Thrombus formation was available in 8 patients of the eculizumab group and in 3 patients in the control group.

&In the control group 17 patients were given an ACE inhibitor and nine an ARB.

§P<0.05 versus controls.

Results

From February 2020 to April 2020 we included 75 participants: ten eculizumab-treated patients and 65 controls. All of them received CPAP ventilator support from 24 hours or less and standard treatment including low-dose steroid, low-molecular-weight heparin and antimicrobial prophylaxis with cephtriaxone and azithromycin (which served also as prophylaxis for Neisseria Meningitis and Pneumococcus infection in eculizumab-treated patients).
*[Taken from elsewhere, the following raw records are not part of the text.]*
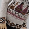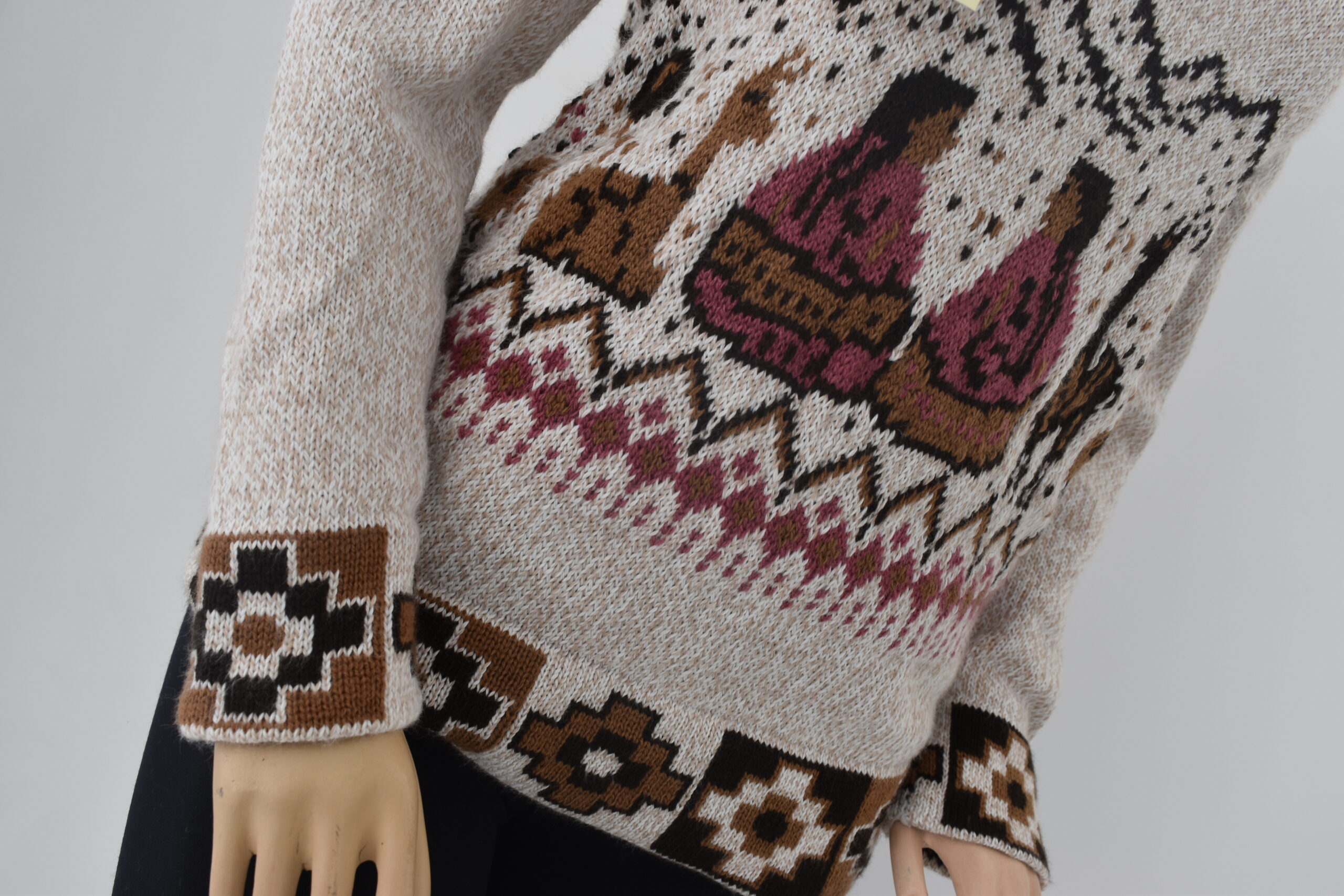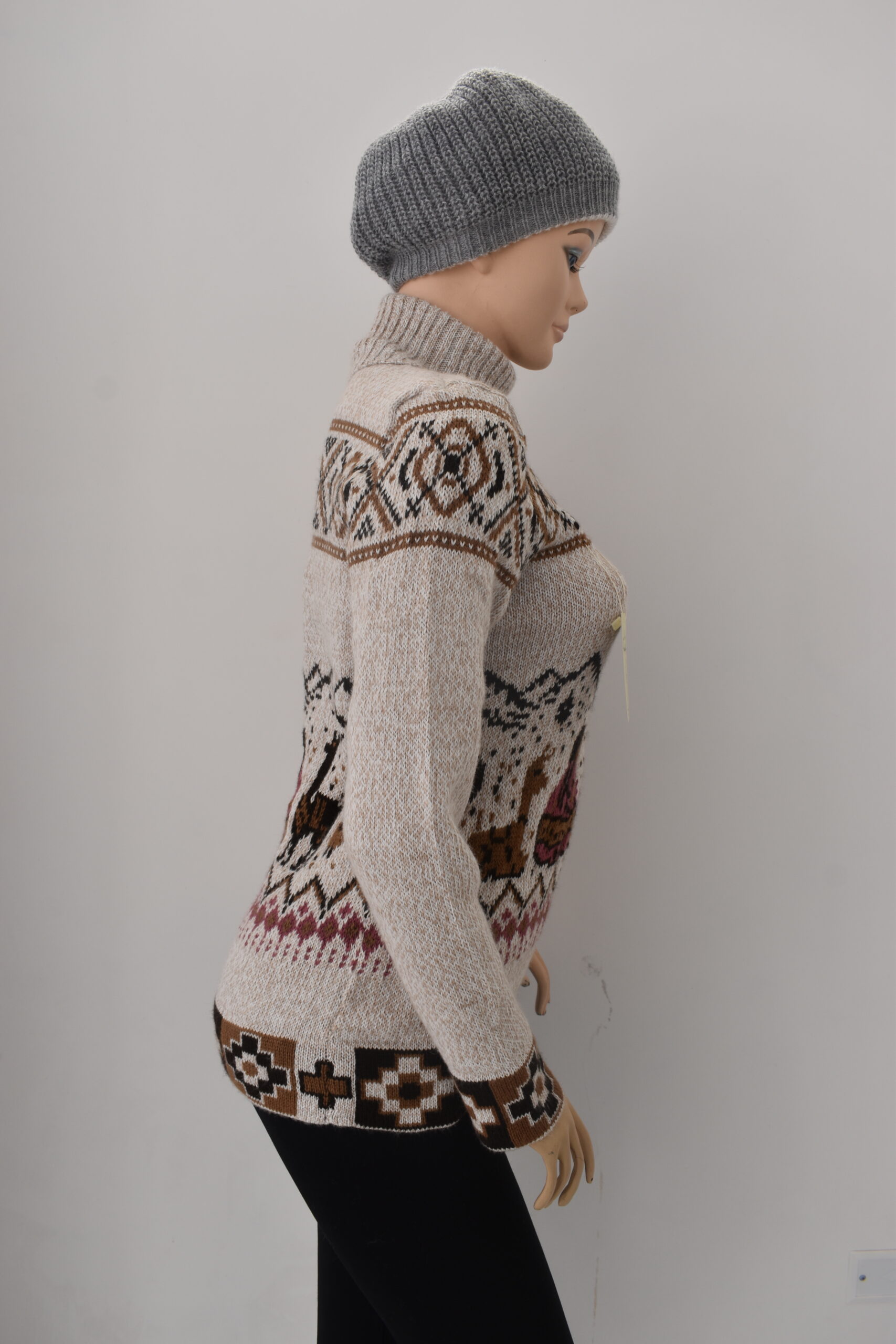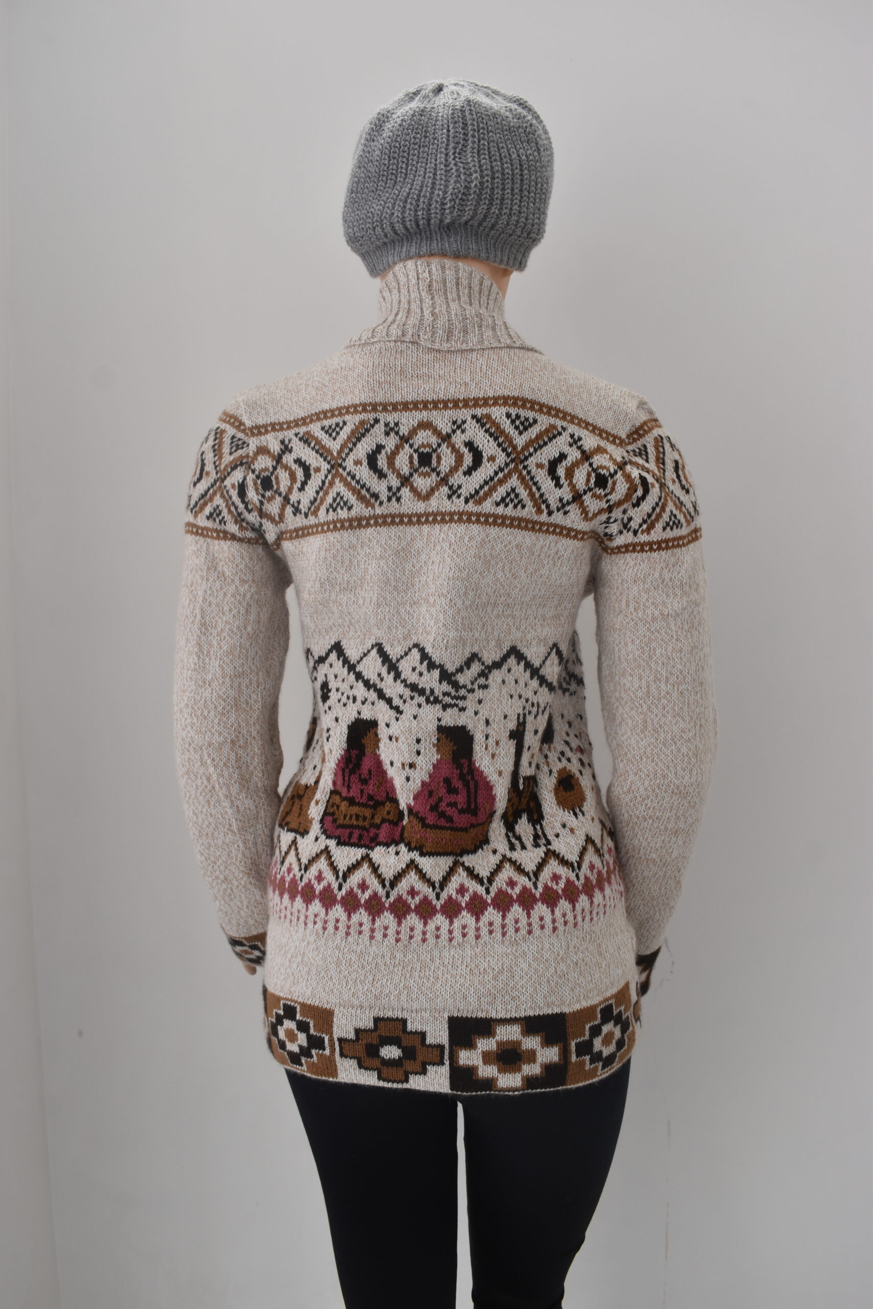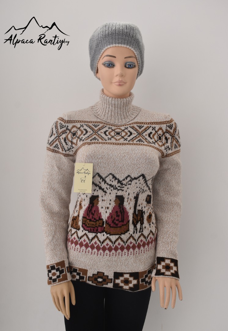 Luce esta hermosa chompa de cuello alto, modelo cholita, con un diseño único de vibrantes matices y encantadoras figuras de cholitas. Inspirada en la rica artesanía peruana y confeccionada en suave y confortable «Alpacril» (80% lana sintética de alta calidad, 20% fibra de alpaca).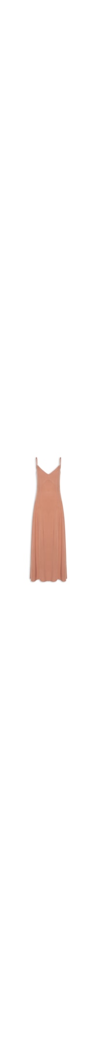 O vestido marrom é confeccionada em tecido leve sem elasticidade. A peça solta ao corpo possui decote em V, alças finas com regulagem na parte posterior, recortes frontais e posteriores, cavas regulares, comprimento longo e fechamento posterior por zíper invisível.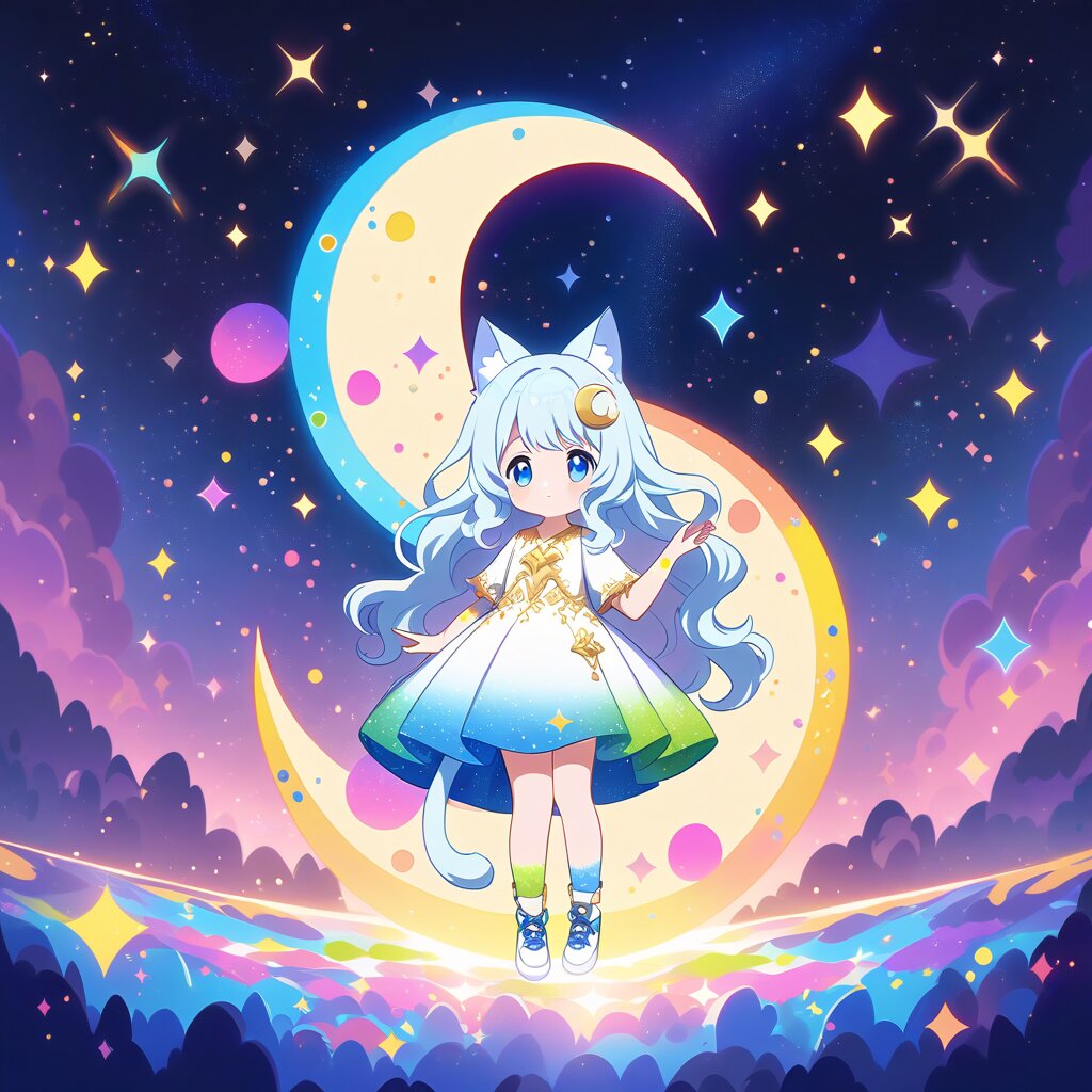 Crescent moon, blue eyes, white cat girl, white wavy hair, crescent moon hair clip, cat tail, cat girl (familiar face), cute pose (Triple Paint: 1.3) (Pointillism: 1.3) (Thick Paint: 1.4) (Night sky with a crescent moon: 1.3) Full body,white dress with gold embroidery, skirt with small blue laces. Fantasy world, cute world. (Anime style) (Familiar)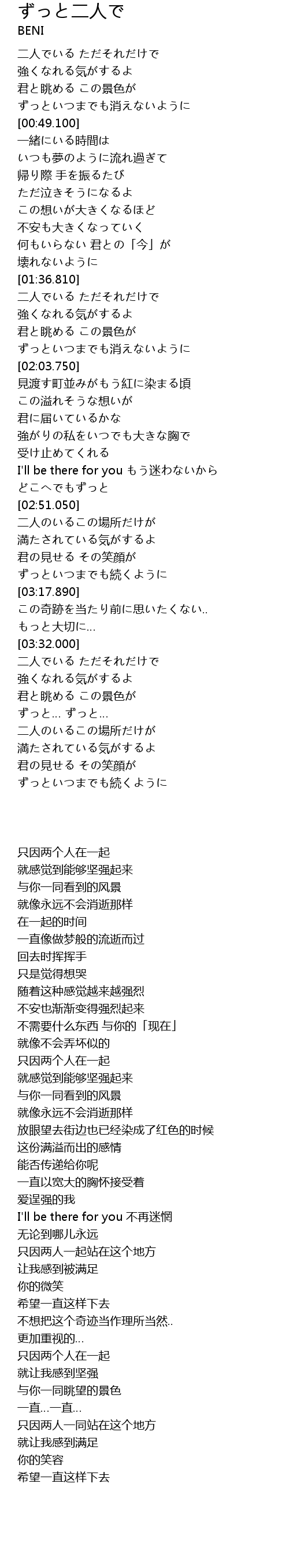 | [02:39.590] | I'll be there for you もう迷わないから |

Most patients received also hydroxycholoroquine and/or antiviral therapy (darunavir and cobicistat combination). Tachypnea, hypoxia, hypocapnia, markedly decreased PaO2/FiO2 ratio and increased FiO2 were consistent with severe respiratory distress at inclusion (Table 1). Other detailed demographic, clinical and laboratory parameters are reported in Table 1 and Supplementary Methods (S1 Appendix).

Complement activity and ex vivo complement deposition and thrombogenesis

At baseline, sC5b-9 plasma levels were significantly higher in COVID-19 patients than in 10 contemporary healthy controls and even as compared to levels observed in historical patients with atypical HUS (Fig 1A). Sera from all the 14 analysed patients induced strong C5b-9 deposition (>149% of a control serum pool) on ADP-activated HMEC-1 (Fig 1B). Pre-exposure to sera from 11 patients induced massive thrombus formation on ADP-activated HMEC-1 flowed with normal heparinised whole blood added with mepacrine (S1 Fig). C5b-9 and thrombus deposition were significantly stronger than those induced by sera from healthy controls and similar to those induced by sera from historical patients with atypical HUS (Fig 1B and 1C).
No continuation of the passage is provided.